I AM shocked by the degree to which America’s response is “install metal detectors, arm principals, create tough discipline policies.” I see that these reactions are more of the same — Einstein wrote, roughly, that we can not solve a problem using the same kind of thinking that got us INTO the problem. And while I too am compelled to urgent action, I hope that we can utilize different kinds of thinking than the “egosystem.”

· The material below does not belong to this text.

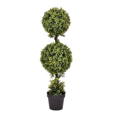 Set of 2 Artificial Boxwood Topiary Trees, Faux Potted Plants for Indoor/Outdoor Decor Want year-round greenery with zero effort? Discover how our artificial boxwood topiary trees look stunningly real—no watering, sunlight, or pruning needed!Looking for the perfect accent for your porch or office? See how these faux topiary trees add a fresh, elegant touch to any space, indoors or outdoors.Searching for a gift that brings lasting beauty? Find out why this set of 2 potted faux plants is the ideal housewarming or holiday present for friends and family! Specification:Dimension: 24 InchMaterial: PE+Wood Packing List:2 x Artificial Topiary Ball Tree1 x Instruction Manual Note:Artificial ball trees usually need to be reshaped by hand after transportation, because some parts of the leaves may be slightly deformed during transportation.Choose the right size according to the size of the place to be placed, ensuring that the plant is in harmony with its surroundings and neither looks crowded nor too small.Confirm the cleaning and maintenance requirements of the plant, although most artificial plants do not require much maintenance, regular cleaning is still necessary to maintain their appearance.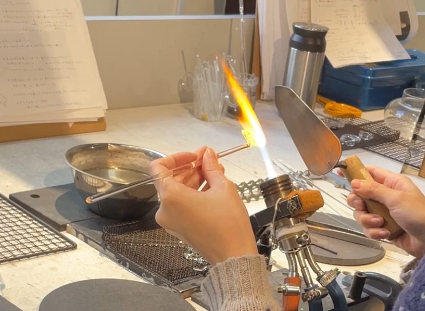 こちらのアクセサリーは、老舗のガラスメーカーさんが、1つ1つ手作業でお作りします。

In the last week, Six Seconds has been working to gather a broad spectrum of educators who will join a call for a re-focus on long-term prevention. I will send that out next week, but for now, it has been sad for me to see the egosystem at work in our colleagues — so many of whom wanted to sign-on only to their projects, their perspectives. And as I write this and point my finger, I realize that even in the way I wrote the original “call for prevention”, I was doing the very same thing. I was writing a press release that talked a lot about Six Seconds and our work… and then blaming people for wanting to only talk about their work….

Marsha told me that when she taught kindergarten, she taught that when we point a finger, we point three at ourselves. As I have thought more about this, I realize that one implication is that when I find myself pointing my finger, I need to learn something about what I am thinking, feeling, and doing. That might be a good moment for me to take a six second pause and carefully reflect.

It takes vigilance. Not metal detector vigilance, but stuck-in-the-same-pattern vigilance. If we can only change ourselves, we’d each better take that responsibility pretty seriously. Vigilance is cental to that seriousness.

Essentially, “vigilance” means careful watching. To add the EQ piece, it would also include monitoring the interplay of thoughts, feelings, and actions. Why do you do what you do? Why are you responding to this question the way that you are? As I become more vigilant, I become more aware of cause and effect within myself; I become more aware of the patterns that drive me — and perhaps automatically become more responsible for them.

I am not sure it is automatic. I have seen students have this moment of realization where they see how a pattern has driven them, and they immediately move toward responsibility. But it is often short term — they have to see it over and over.

In the face of kids killing kids, I lose patience. I do not want to see it over and over before I learn about my responsibility.

The emotional part of vigilance also means that like watching closely, I will “feel closely.” Each time I hear more about Columbine, I close off more feeling — I do not want to go there. But if I am going to vigilant, I can not ignore those feelings. Instead, I will use them to motivate myself toward change — despite finger pointing, and despite the long uphill climb.

I will send the prevention info in a few days.